§ **The problem**
Exercise in exact copying: restate word for word only the lines below from the one containing "Cartoon Easter Bunny Gnome Fabric - Blue" through the one containing "Image of a couple", omitting any pictures.

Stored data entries

=-=-=

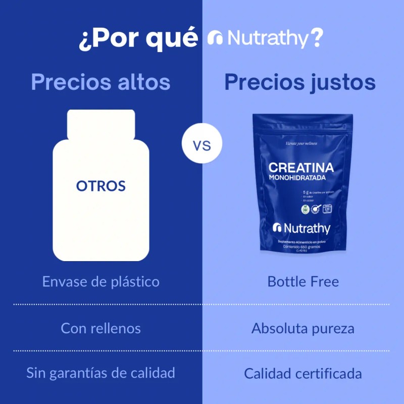 Aumenta tu fuerza, potencia y recuperación muscular con Creatina Monohidratada 100% pura de Nutrathy. Diseñada para deportistas exigentes, esta fórmula sin sabor, sin aditivos y sin rellenos te da el impulso que necesitas para alcanzar tu máximo nivel 💥⚡
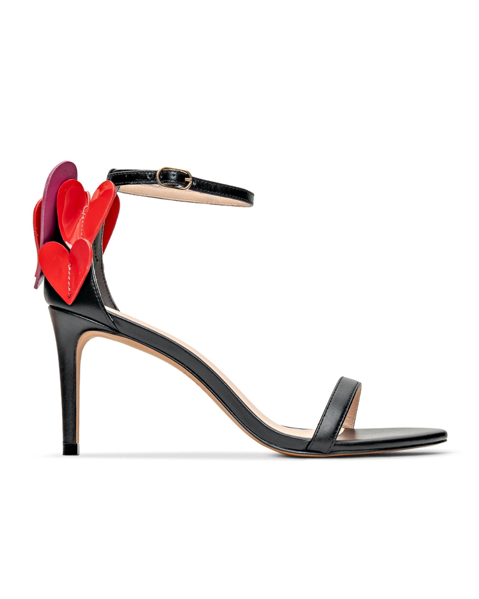 Fall in love with every step in the Amour Bloom Sandal, where timeless elegance meets playful romance. Crafted from premium black napa leather, it features a minimalist front strap, a delicate ankle buckle, and a refined silhouette that exudes femininity. The highlight — a bold 3D heart appliqué in red and purple tones — adds a touch of passion and whimsy, making this design unforgettable. Elegant yet expressive, it’s a true statement of love and artistry.
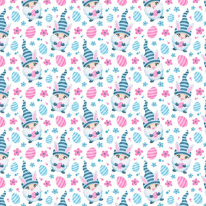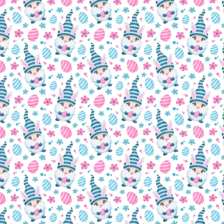 Cartoon Easter Bunny Gnome Fabric - Blue
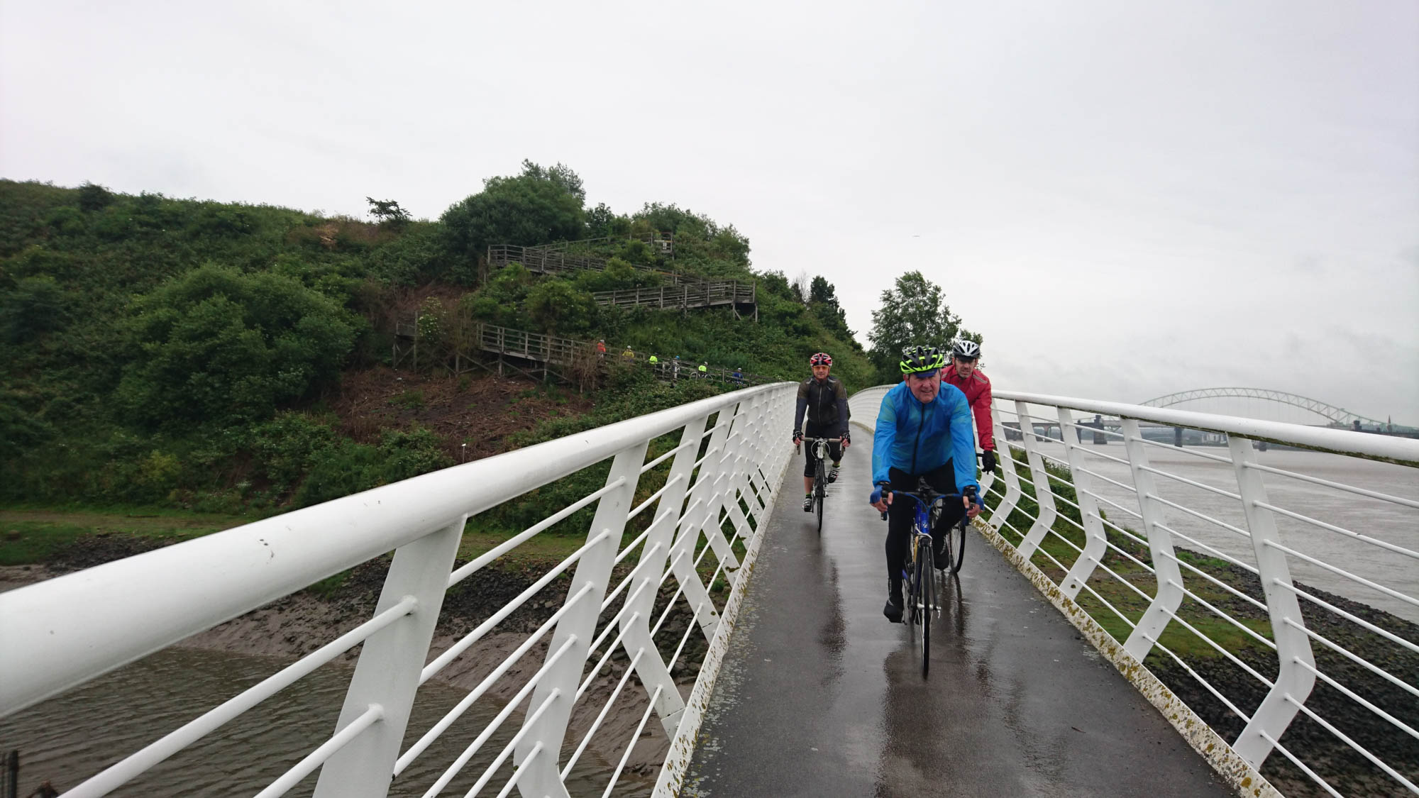 We thus set off promptly from Sutton Weaver, knowing that we had yet to purchase our passage en route. It kept raining. We headed towards the bridge. It was still raining, We were pretty wet already. Not wet enough it seemed as I led the group towards the bridge on the path. I noted that an articulated truck headed towards us had already hot a lrage puddle in the road, spraying it in a lovely arc wave across the pavement. It passed, followed by a pickup that did the same, but to a less impressive wave. ‘Ah that’s alright, at least we missed that’ I thought. That thought, fleeting though it was, had barely exited my tiny brain before a fresh articulated truck headed the same way. I was next to the flood, the artic drove through said flood and released what I’m sure was just a splash, but felt like a tsunami. Now I was wet. Jim was amused.
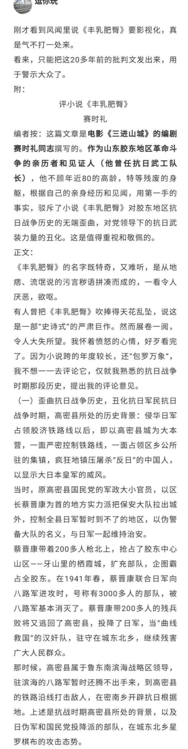 抛开司马南,抛开李敖,看看抗日老八路赛时礼将军1996年是怎么评价莫言的。赛时礼,1938年参加八路军在胶东半岛抗击日军,对高密的事很了解。莫言的《丰乳肥臀》里的事,人,赛时礼将军都很清楚。大家可以看看——
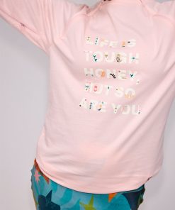 In a baby pink with printed wording decorated with our iconic NFD motifs, embellished with our logo and featuring concealed zips along the arms and neckline for accessibility when receiving treatments.
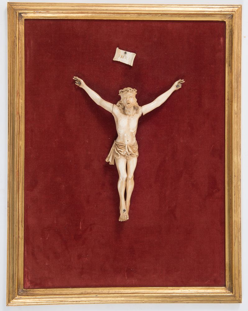 Cristo in materiale prezioso. Francia, metà XIX secolo. Cm 45,5x35,5. (lievi...
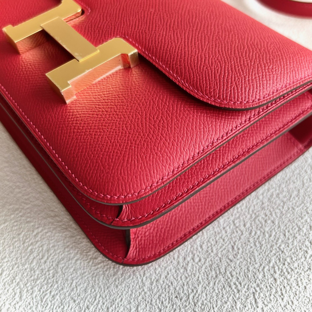 Hermes Constance 18cm Mirror style Epsom Q5 Rose casaque 国旗红 Gold Hardware
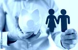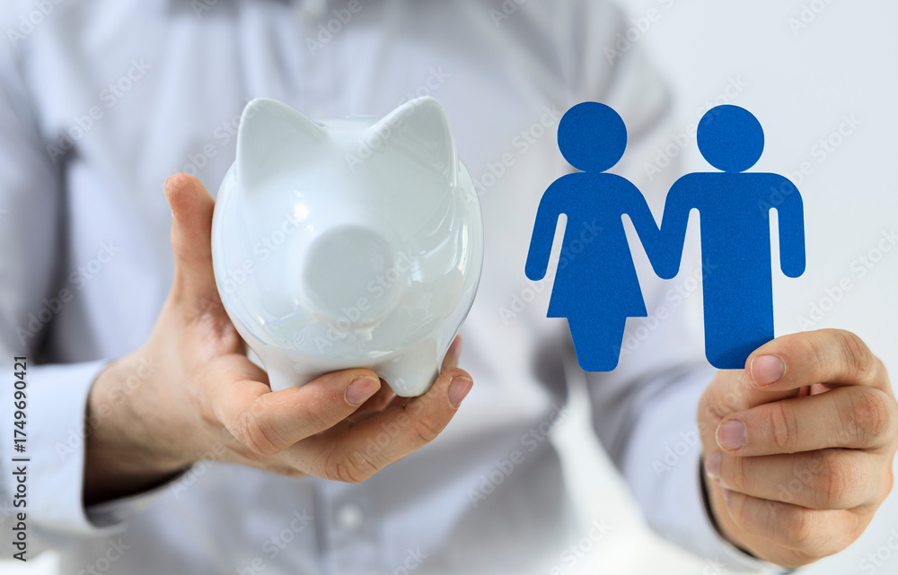 Image of a couple saving money, piggy bank, financial planning, security, future.
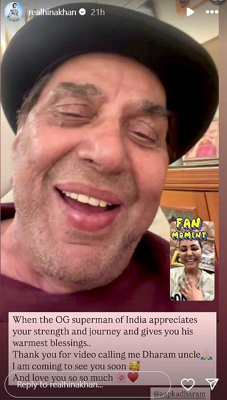 TV oyuncusu Hina Khan geçtiğimiz günlerde usta aktör Dharmendra’nın nimetlerini paylaşması için onu videoya çağırdığı özel bir “hayran anı” yaşadı. Üçüncü aşama meme kanseri ile mücadele eden Hina, efsanevi aktörün nazik jestinden derinden etkilendi.
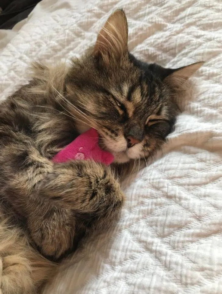 5. Даже котики спят с мягкими игрушками

=-=-=

§ **Reply to the task**
 Cartoon Easter Bunny Gnome Fabric - Blue
 We thus set off promptly from Sutton Weaver, knowing that we had yet to purchase our passage en route. It kept raining. We headed towards the bridge. It was still raining, We were pretty wet already. Not wet enough it seemed as I led the group towards the bridge on the path. I noted that an articulated truck headed towards us had already hot a lrage puddle in the road, spraying it in a lovely arc wave across the pavement. It passed, followed by a pickup that did the same, but to a less impressive wave. ‘Ah that’s alright, at least we missed that’ I thought. That thought, fleeting though it was, had barely exited my tiny brain before a fresh articulated truck headed the same way. I was next to the flood, the artic drove through said flood and released what I’m sure was just a splash, but felt like a tsunami. Now I was wet. Jim was amused.
 抛开司马南,抛开李敖,看看抗日老八路赛时礼将军1996年是怎么评价莫言的。赛时礼,1938年参加八路军在胶东半岛抗击日军,对高密的事很了解。莫言的《丰乳肥臀》里的事,人,赛时礼将军都很清楚。大家可以看看——
 In a baby pink with printed wording decorated with our iconic NFD motifs, embellished with our logo and featuring concealed zips along the arms and neckline for accessibility when receiving treatments.
 Cristo in materiale prezioso. Francia, metà XIX secolo. Cm 45,5x35,5. (lievi...
 Hermes Constance 18cm Mirror style Epsom Q5 Rose casaque 国旗红 Gold Hardware
 Image of a couple saving money, piggy bank, financial planning, security, future.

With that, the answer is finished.